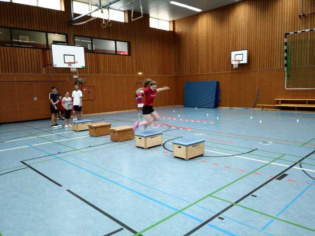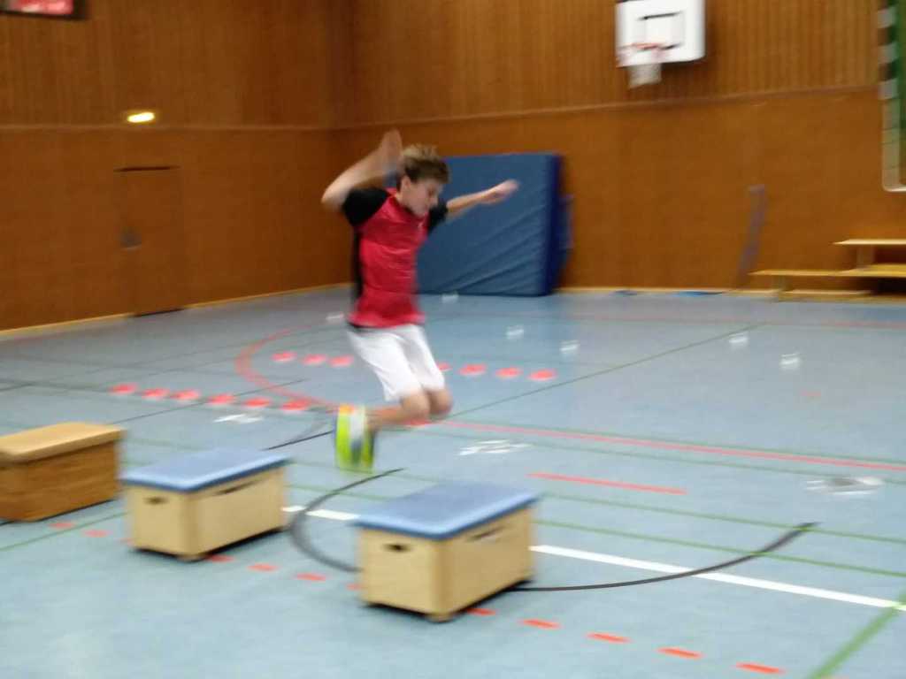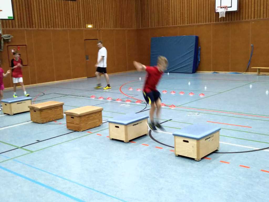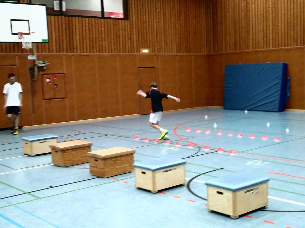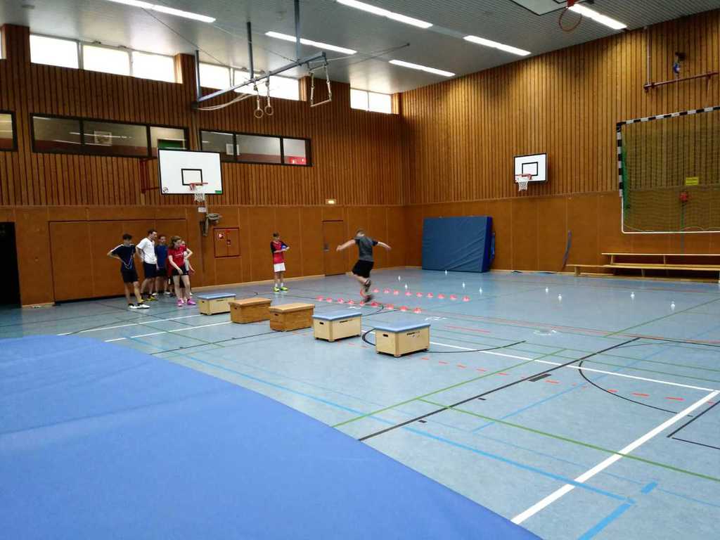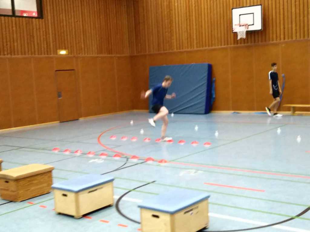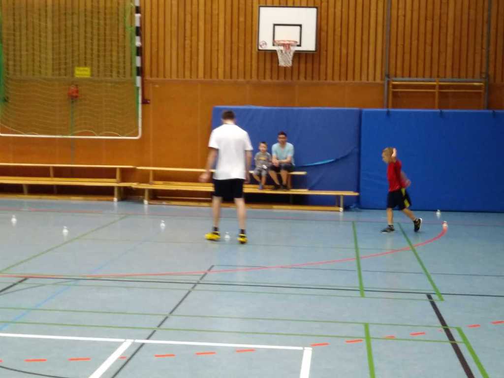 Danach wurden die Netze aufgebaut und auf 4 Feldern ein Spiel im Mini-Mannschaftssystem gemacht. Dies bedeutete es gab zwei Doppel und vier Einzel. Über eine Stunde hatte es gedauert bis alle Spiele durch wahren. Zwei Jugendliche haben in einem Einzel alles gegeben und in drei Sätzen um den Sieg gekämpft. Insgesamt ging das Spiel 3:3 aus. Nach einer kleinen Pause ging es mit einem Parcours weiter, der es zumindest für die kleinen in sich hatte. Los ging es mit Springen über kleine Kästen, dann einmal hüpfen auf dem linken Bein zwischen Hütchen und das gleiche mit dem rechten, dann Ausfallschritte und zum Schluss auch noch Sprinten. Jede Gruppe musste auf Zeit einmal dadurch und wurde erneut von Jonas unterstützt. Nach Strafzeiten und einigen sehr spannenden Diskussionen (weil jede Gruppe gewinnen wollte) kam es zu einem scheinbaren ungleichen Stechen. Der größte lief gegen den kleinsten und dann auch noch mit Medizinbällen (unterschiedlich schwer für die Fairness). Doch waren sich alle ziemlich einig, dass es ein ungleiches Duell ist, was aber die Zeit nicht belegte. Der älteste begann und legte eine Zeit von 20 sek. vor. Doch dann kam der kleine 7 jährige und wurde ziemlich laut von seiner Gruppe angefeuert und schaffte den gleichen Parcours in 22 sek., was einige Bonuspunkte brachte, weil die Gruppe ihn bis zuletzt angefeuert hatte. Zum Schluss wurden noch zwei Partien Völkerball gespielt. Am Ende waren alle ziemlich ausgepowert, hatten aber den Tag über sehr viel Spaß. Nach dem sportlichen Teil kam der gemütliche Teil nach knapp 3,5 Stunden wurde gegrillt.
☆ ☆ ☆ ☆
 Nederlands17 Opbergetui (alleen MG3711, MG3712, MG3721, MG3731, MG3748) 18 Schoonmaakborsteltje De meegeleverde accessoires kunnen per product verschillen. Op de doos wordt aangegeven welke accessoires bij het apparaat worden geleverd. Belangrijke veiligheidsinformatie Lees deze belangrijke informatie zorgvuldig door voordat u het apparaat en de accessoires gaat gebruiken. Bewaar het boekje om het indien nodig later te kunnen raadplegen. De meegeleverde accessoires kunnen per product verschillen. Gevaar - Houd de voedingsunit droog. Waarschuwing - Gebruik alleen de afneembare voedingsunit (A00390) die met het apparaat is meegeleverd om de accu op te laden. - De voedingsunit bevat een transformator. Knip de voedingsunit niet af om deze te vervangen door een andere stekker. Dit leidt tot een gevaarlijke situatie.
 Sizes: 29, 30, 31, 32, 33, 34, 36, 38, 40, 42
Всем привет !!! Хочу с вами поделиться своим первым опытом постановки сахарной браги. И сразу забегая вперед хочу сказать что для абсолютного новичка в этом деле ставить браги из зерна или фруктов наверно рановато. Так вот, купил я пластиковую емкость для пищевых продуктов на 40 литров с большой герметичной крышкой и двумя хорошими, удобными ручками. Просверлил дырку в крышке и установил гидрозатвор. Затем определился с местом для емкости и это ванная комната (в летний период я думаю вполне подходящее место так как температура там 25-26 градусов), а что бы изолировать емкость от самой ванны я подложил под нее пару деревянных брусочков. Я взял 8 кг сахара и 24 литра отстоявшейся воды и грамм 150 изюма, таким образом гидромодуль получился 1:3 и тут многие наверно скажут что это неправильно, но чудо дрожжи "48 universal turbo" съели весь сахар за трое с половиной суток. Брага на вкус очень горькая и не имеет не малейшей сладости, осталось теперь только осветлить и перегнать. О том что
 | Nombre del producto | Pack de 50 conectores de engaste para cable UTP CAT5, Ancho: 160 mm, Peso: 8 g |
☆ ☆ ☆ ☆
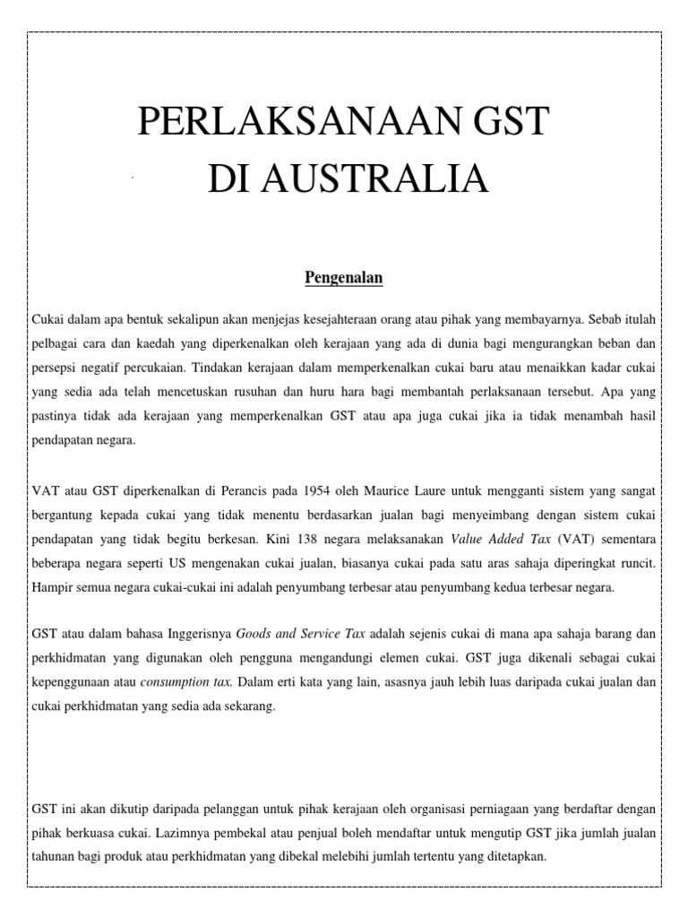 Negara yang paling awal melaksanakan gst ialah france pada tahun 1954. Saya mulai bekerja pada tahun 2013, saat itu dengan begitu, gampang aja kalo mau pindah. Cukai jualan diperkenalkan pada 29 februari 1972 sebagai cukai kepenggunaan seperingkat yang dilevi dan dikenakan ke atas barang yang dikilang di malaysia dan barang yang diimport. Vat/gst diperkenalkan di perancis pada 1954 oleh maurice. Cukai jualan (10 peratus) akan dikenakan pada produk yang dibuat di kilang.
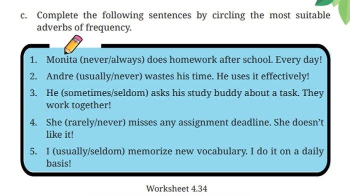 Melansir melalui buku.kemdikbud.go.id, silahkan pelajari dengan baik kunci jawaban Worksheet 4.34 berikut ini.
☆ ☆ ☆ ☆
__WHAT IS NEEDED__
For the material above, give again only the lines starting at the line that contains "Negara yang paling" and ending at the line that contains "Melansir melalui buku.kemdikbud.go.id, silahkan". Pictures do not belong in the copy.

__RESPONSE TO THE EXERCISE__
 Negara yang paling awal melaksanakan gst ialah france pada tahun 1954. Saya mulai bekerja pada tahun 2013, saat itu dengan begitu, gampang aja kalo mau pindah. Cukai jualan diperkenalkan pada 29 februari 1972 sebagai cukai kepenggunaan seperingkat yang dilevi dan dikenakan ke atas barang yang dikilang di malaysia dan barang yang diimport. Vat/gst diperkenalkan di perancis pada 1954 oleh maurice. Cukai jualan (10 peratus) akan dikenakan pada produk yang dibuat di kilang.
 Melansir melalui buku.kemdikbud.go.id, silahkan pelajari dengan baik kunci jawaban Worksheet 4.34 berikut ini.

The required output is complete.